Judge: So what did you make of the word YLNO? When it said, to your dyslexic eyes, YLNO SID DELBA, what did you think YLNO meant?
Defendant: I assumed it was some meaningless Welsh word, my lord, or perhaps the initials of some organisation unknown to me.
Judge: Nonsense! What could YLNO possibly stand for?
Defendant: Well, perhaps for Young Liberals Numismatic Organisation. Or for the Yachting League Nord-Ouest. Or maybe something Jewish ...
Judge: Jewish?
Defendant: Perhaps the Yiddish Language Normalisation Office.
Judge: Never mind about that! I want to come back to your name, Mr Delba. I just find it a very remarkable coincidence that your name is Disabled spelt back to front. A VERY remarkable coincidence. A VERY remarkable coincidence indeed. Was it not lucky that you received this name at birth?
Defendant: This was not my name to begin with, m'lud. I changed my name five years ago.
Counsel: Aha!

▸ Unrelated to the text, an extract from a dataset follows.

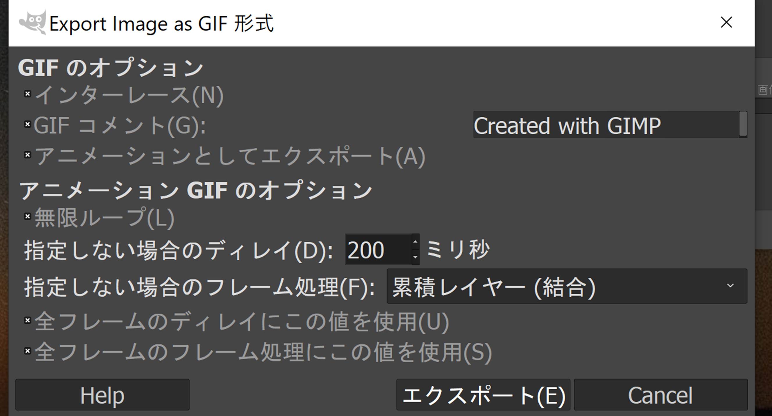 as GIF形式のウインドウで、「アニメーションとしてエクスポート」を選択し、ディレイや全フレームに反映させるかなどを設定し、エクスポートボタンを押して、保存します。

You changed your name to Sid Delba by deed poll!
Defendant: Yes.
Counsel: From what?
Defendant: Previously my name had been Mr de Vreser.
Judge: De Vreser? Is that a sort of Dutch name?
Defendant: Sort of, my lord.
Judge: But it also spells "Reserved" backwards, does it not?
Defendant: I believe it does.
Judge: So you went through a period of your life when you could park in spaces marked Reserved, claiming that because of your dyslexia you had read it as your name?
Defendant: Well, yes ...
The case continues, though not, you will be glad to hear, in this space.